The Company has evaluated events that occurred subsequent to March 31, 2013 for recognition and disclosure in the financial statements and notes to the financial statements.

 
From April 1, 2013 through May 10, 2013 the Company has issued 9,962 shares of the Company’s common shares to an employee and a consultant valued at approximately $17,000 and 126,000 shares of restricted common stock to investors for gross proceeds of $157,500.

 
As of May 10, 2013, the Company has accrued additional deferred compensation totaling approximately $59,500 of which $26,000 and $21,000, respectively, is owed to Bassani and Smith, and $12,500 is due to Schafer.

 
During April 2013, Bassani advanced the Company $100,000 which, effective May 15, 2013 pursuant to the agreement with Bassani described in the paragraph immediately below, when combined with prior advances (and accrued interest thereon) will be represented by a demand promissory note in the initial principal amount of approximately $204,000_from the Company to Bassani which shall be due and payable on July 1, 2013 if not paid sooner.

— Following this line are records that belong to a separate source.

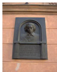
Pamětní deska v Praze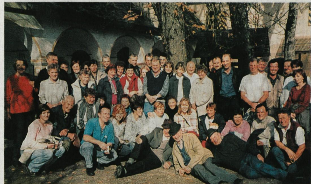
Udeleženci izleta na gradu Ostrovica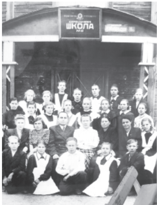
За такими партами сидели наши бабушки и дедушки

Общественное обсуждение законопроекта продлится до 5 октября 2011 года.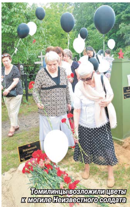
Томилинцы возложили цветы к могиле Неизвестного солдата

Выступление в честь ветеранов войны и тружеников тыла подготовили учащиеся школы № 14. Подростки зажгли 74 траурные свечи. По инициативе группы активистов «Наследники Победы» к ветвям плакучей ивы были привязаны несколько десятков колокольчиков, которые нежным звоном напоминают нам о великих потерях в ходе Великой Отечественной. А в небо под звуки песни «Журавли» поднялись 74 воздушных шара, унесших серебристых и алых журавликов – символ скорби и вечной памяти. Пожилые жители Томилино прочитали стихотворения,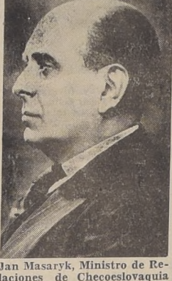
Jan Masaryk, Ministro de Relaciones de Checoslovaquia

presentando. Hizo su proposición a modo de transacción para solucionar la disputa acerca de los dos tercios de mayoría de votos para la adopción de decisiones.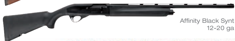
Affinity Black Synt 12-20 ga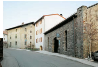
>17_Laas: Vor seiner neuen Nutzung stand der Bärenstadel lange leer.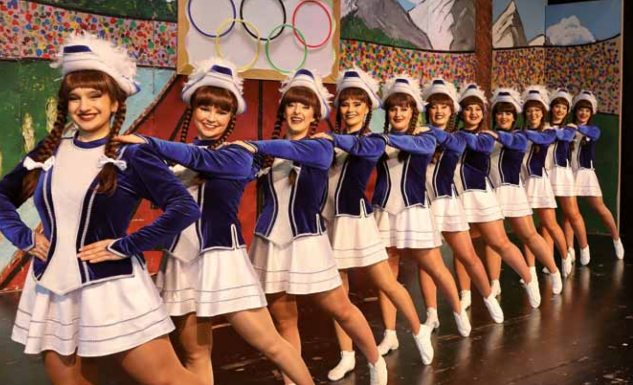
Auch die Tanzgarden der ZNG werden wieder zu sehen sein.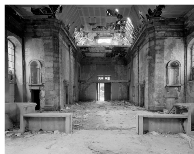
Chapelle, vue intérieure vers entrée. IVR31_19886200650V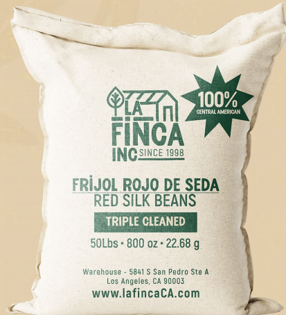
Frijol Rojo de Seda Triple cleaned Saco 50 Lb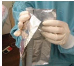
清潔領域・不潔領域の分別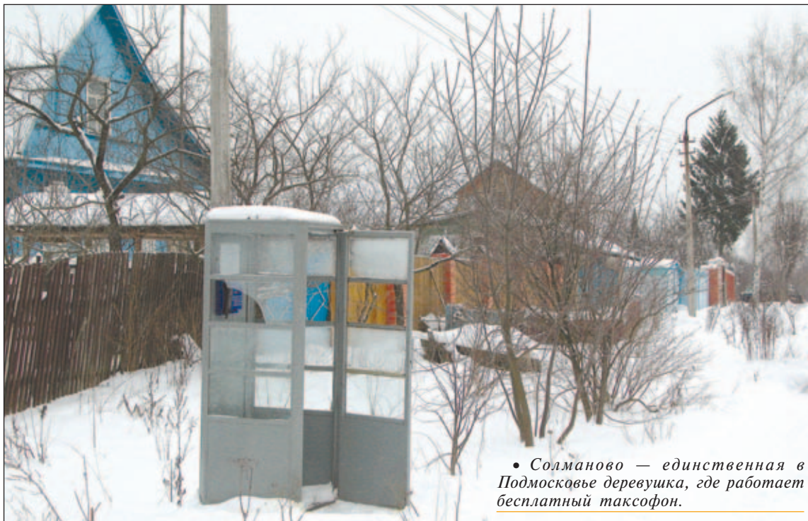
• Солманово – единственная в Подмоскowie деревушка, где работает бесплатный таксофон.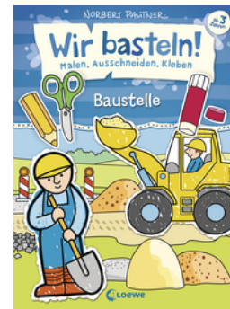
Wir basteln! - Malen, Ausschneiden, Kleben - Baustelle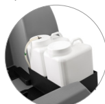
Chemical mixing system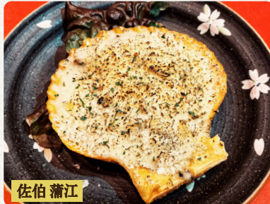
佐伯 蕭江 ひおうぎ 殻付緋扇貝のグラタン 税抜 1個 480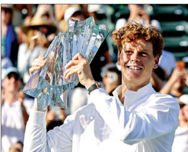
इंडियन वेल्स सिंगल्स खिताब के साथ यानिक सिनर व एरिना सबालेंका।

महिला वर्ग में दुनिया की नंबर एक खिलाड़ी एरिना सबालेंका ने एलेना रिबाकिना को 3-6, 6-3, 7-6 से हराकर खिताब जीता। इससे पहले 2023 और 2025 में उपविजेता रही सबालेंका का यह पहला खिताब है। सिनर ने फेडरर और जोकोविच की बराबरी की : इंडियन वेल्स फाइनल में दानिल मेदवेदेव पर जीत के साथ हार्ड-कोर्ट टूर्नामेंटों का पूरा सेट जीतने वाले सबसे कम उम्र के पुरुष खिलाड़ी बनने के बाद यानिक सिनर ने कहा कि यह मेरे लिए बहुत मायने रखता है। दुनिया के दूसरे नंबर के खिलाड़ी सिनर ने कैलिफोर्निया की तेज गर्मी में, दो घंटे से कुछ कम समय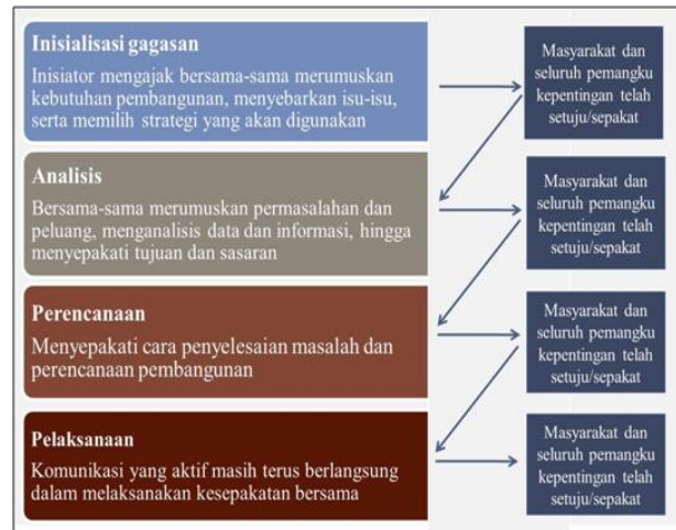
Gambar 1 Proses umum perencanaan komunikatif

disepakati bersama, bisa dilanjutkan pada tahapan analisis. Namun jika belum disepakati, tidak bisa dilanjutkan pada tahap selanjutnya. Begitu seterusnya hingga pada tahap pelaksanaan.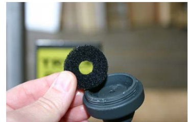
Kuva 2. Suodatin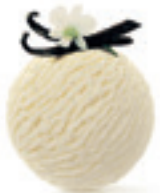
Vanila Madagaskar - 180

Sladoled od posebne vrste lešnika iz regije Piemonte U Italiji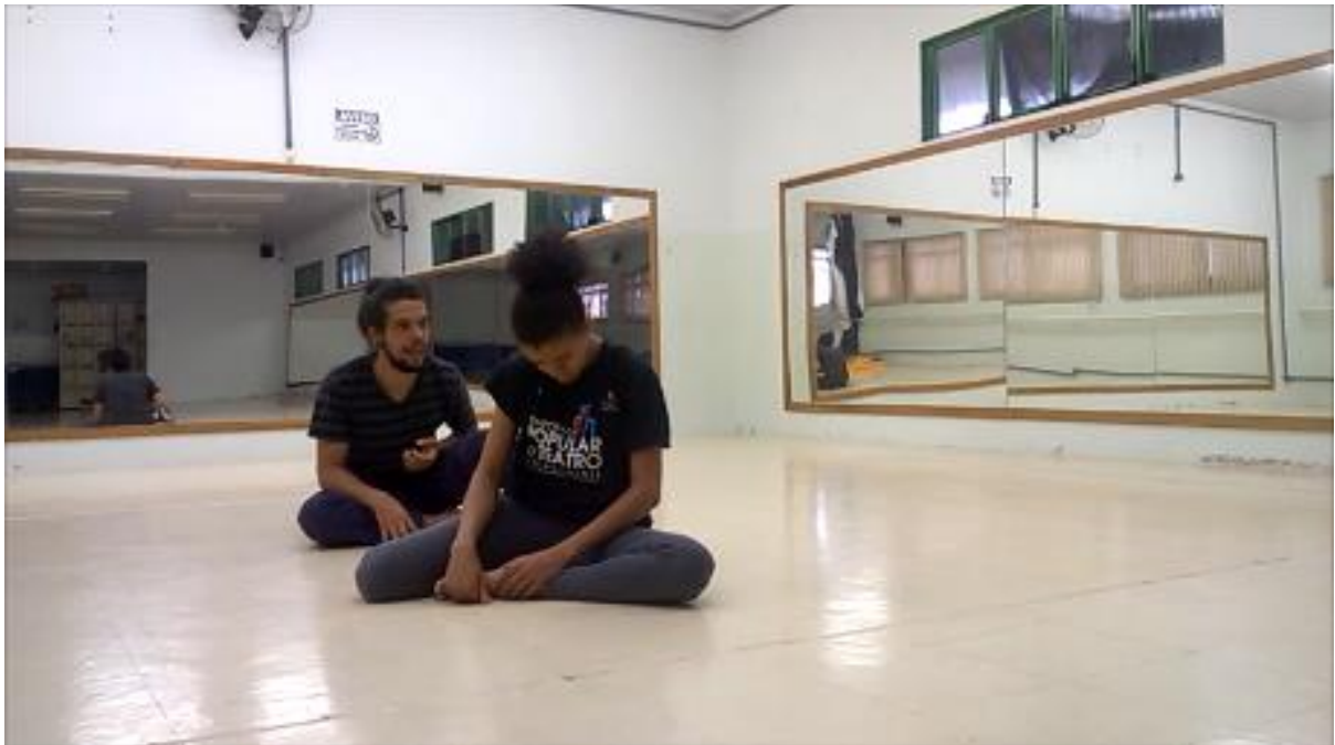
Figura 9 - Leitura do poema com os sons corporais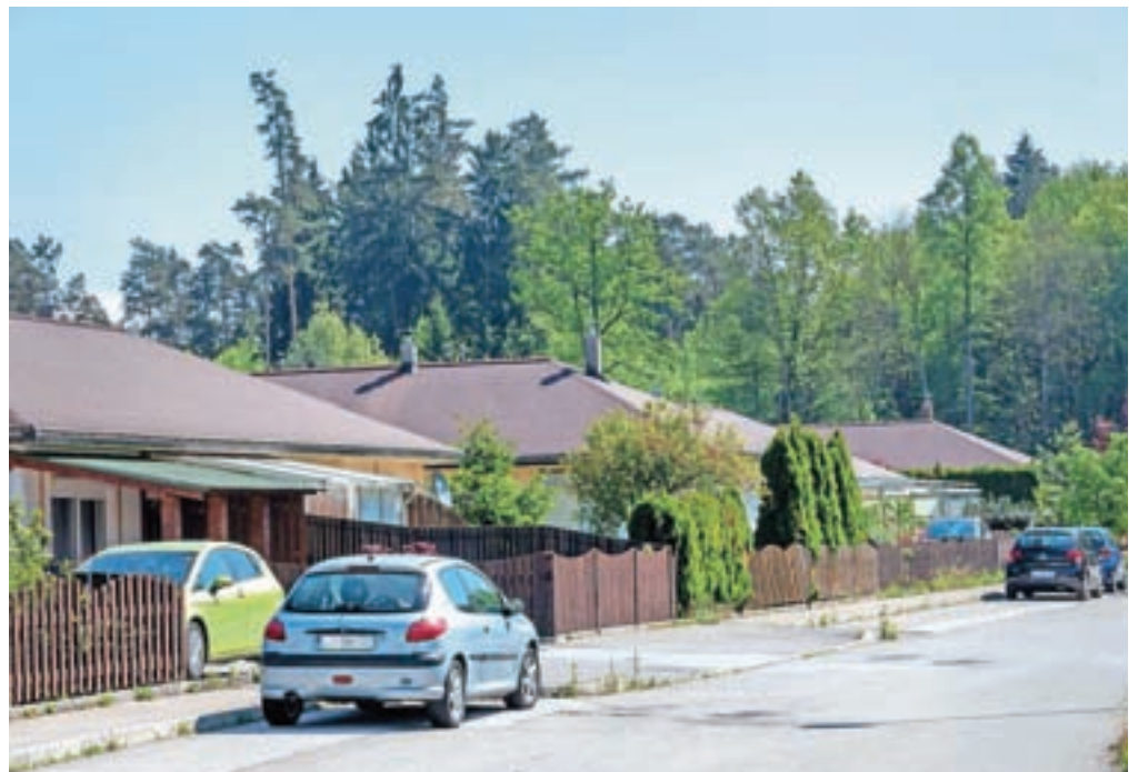
▶ 7. stran Stanovanci Zbiljskega gaja si želijo, da bi bilo naselje končno urejeno.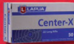
Lapua Center X

Gebrauchte Waffen! Große Auswahl! (Alles Einzelstücke!)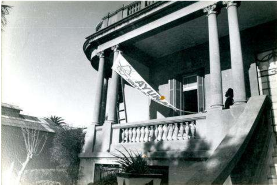
Fotografía 1. Frente de la antigua sede del SERPAJ en Gral. Flores. Agosto de 1983.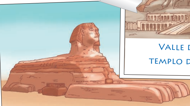
LA ESFINGE DE GUIZA

Los descubrimientos históricos siempre han atraído a los saqueadores de tesoros antiguos. En tiempos de los faraones, los ladrones ya entraban en los monumentos para robar los tesoros que había en su interior. Por eso el acceso a los monumentos más importantes estaba protegido con ingeniosos sistemas que obstaculizaban el paso... ¡los precedentes de los actuales sistemas antirrobo!

On May 5, 2013, the Board of Directors approved agreements with Bassani and Smith, with effective dates of May 15, 2013, under which, Bassani and Smith have agreed to continue to defer their respective cash compensation for up to an additional year until April 30, 2014 (unless the Board of Directors elects to re-commence cash payment on an earlier date) and to extend the due date of their respective deferred cash compensation until January 15, 2015 on the same terms as are set forth Note 5.  The Company will provide Bassani and Smith with convertible promissory notes which reflect all the terms of these agreements to which future accruals will be added as additional principal. Smith has agreed to add $25,000 of loans payable - affiliates he made to the Company and approximately $30,000 of unreimbursed expenses to the principal of his convertible promissory note. As part of the agreements, Bassani and Smith have also forgiven any possible obligations that Bion may have owed each of them in relation to unused vacation time for periods (over 10 years) prior to the current fiscal year.  In consideration of these agreements, Bassani and Smith:  a) have been granted ‘execution/exercise’ bonuses to be effective upon future exercise of outstanding (or subsequently acquired) options and warrants owned by Bassani and Smith (and their respective donees) and in relation to contingent stock bonuses; b) their warrants and options, if due to expire prior to December 31, 2018, have been extended to that date (with possible further extensions); and c) other modifications have been made.